Cornufer bufoniformis
- Conservation status: Least Concern (IUCN 3.1)

Scientific classification
- Kingdom: Animalia
- Phylum: Chordata
- Class: Amphibia
- Order: Anura
- Family: Ceratobatrachidae
- Genus: Cornufer
- Species: C. bufoniformis
- Binomial name: Cornufer bufoniformis (Boulenger, 1884)
- Synonyms: Rana bufoniformis Boulenger, 1884; Discodeles bufoniformis (Boulenger, 1884);

= Cornufer bufoniformis =

- Authority: (Boulenger, 1884)
- Conservation status: LC
- Synonyms: Rana bufoniformis Boulenger, 1884, Discodeles bufoniformis (Boulenger, 1884)

Species of amphibian

Cornufer bufoniformis, commonly known as the warty webbed frog or Treasury Island webbed frog, is a species of frog in the family Ceratobatrachidae.

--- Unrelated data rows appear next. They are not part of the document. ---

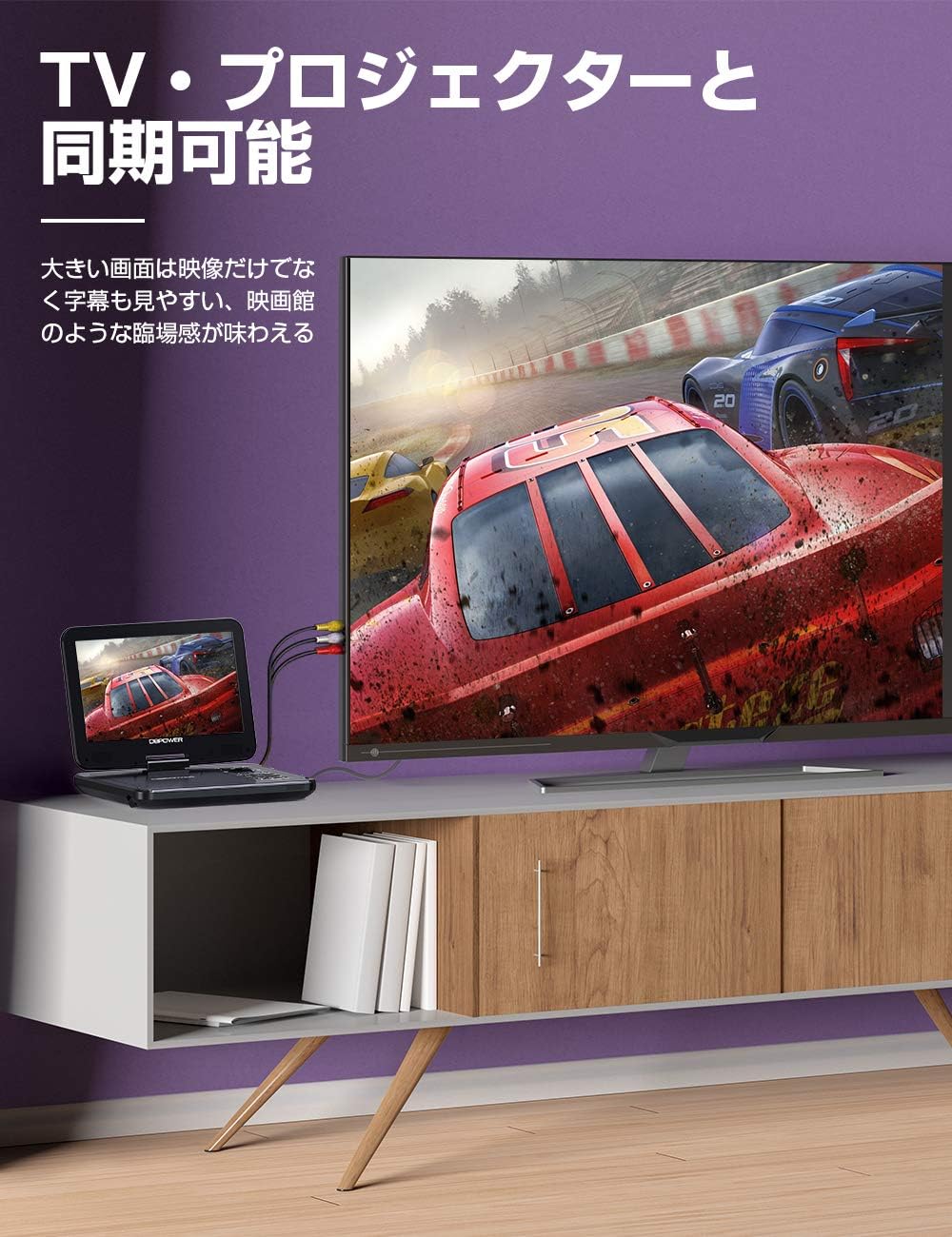 AV出力にも対応、付属したケーブルを繋げればテレビの大画面でDVD鑑賞可。
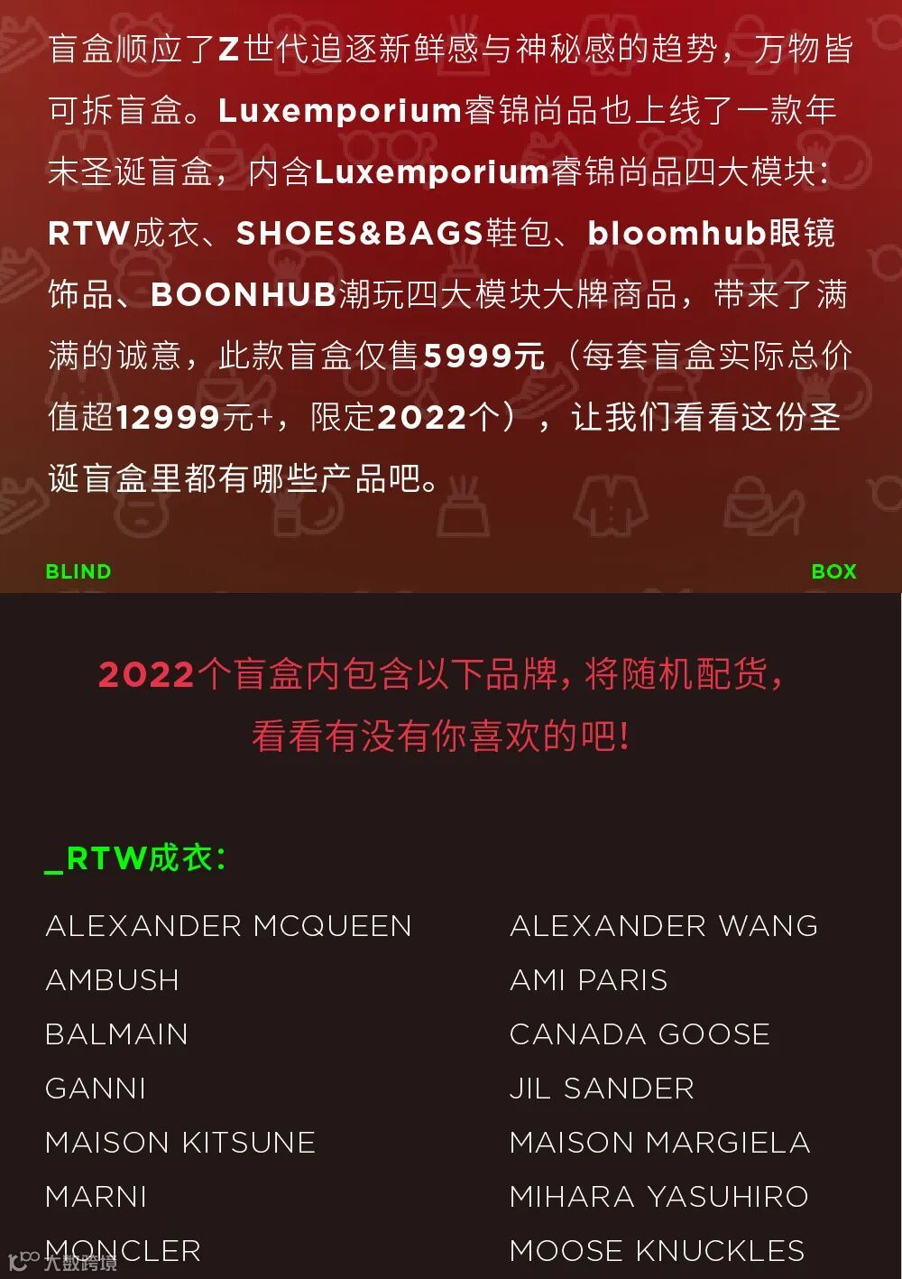 导读:内含RTW成衣、SHOES&BAGS鞋包、BLOOMHUB眼镜饰品、BOONHUB潮玩四大模块商品
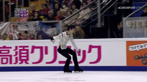 Юзуру Ханю начинает произвольную программу https://youtu.be/PPNqObR85FM с коньковой связки: циркуль на левой ноге, скрещенный шаг, дуга вперед-наружу, переход на левую ногу, тройка, широкий шаг, шассе, подсечка с переход на ход вперед, вальсовая тройка, шассе. Две подсечки перед заходом на первый элемент программы - 4Lz: моухок-широкий шаг-шассе-моухок-подсечка. После прыжка и перехода на ход вперед со сменой ноги - комбинированная связка: провозка по дуге с акцентированными движениями торса, головы и рук, две тройки, бести на внутренних ребрах с переходом в кораблик на наружных ребрах, выкрюк, тройка (гиф 1). Подсечка, моухок, широкий шаг, моухок, подсечка, шассе, дуга с выносом свободной ноги, перетяжка, шассе. Далее начинается заход на 4Lo: моухок-широкий шаг-моухок-шассе-моухок-скрещенный шаг-моухок (прыжок исполнен с серии моухоков). Переход на ход вперед со сменой ноги, провозка на правой ноге в полуприсяде, широкий шаг, перетяжка, тройка. Далее две подсечки перед заходом на 3F: моухок-тройка-переход на ход вперед-тройка-тройка-тройка. На дуге выезда с прыжка - перетяжка-выкрюк-тройка, затем переход на ход вперед и комбинированное вращение со сменой ноги. На выходе из вращения тройка с переходом в бауэр на внутренних ребрах и выпад с харАктерным жестом Сеймея перед началом дорожки шагов (40 с).

It is endemic to the Solomon Islands archipelago where it is widespread, but it is missing from Guadalcanal and Makira islands. It is a common species though it occurs patchily. It inhabits small streams in lowland rainforests. It also tolerates some habitat degradation, provided that vegetation is left along the streams. It is locally impacted by habitat loss caused by logging, and it is also used for human consumption.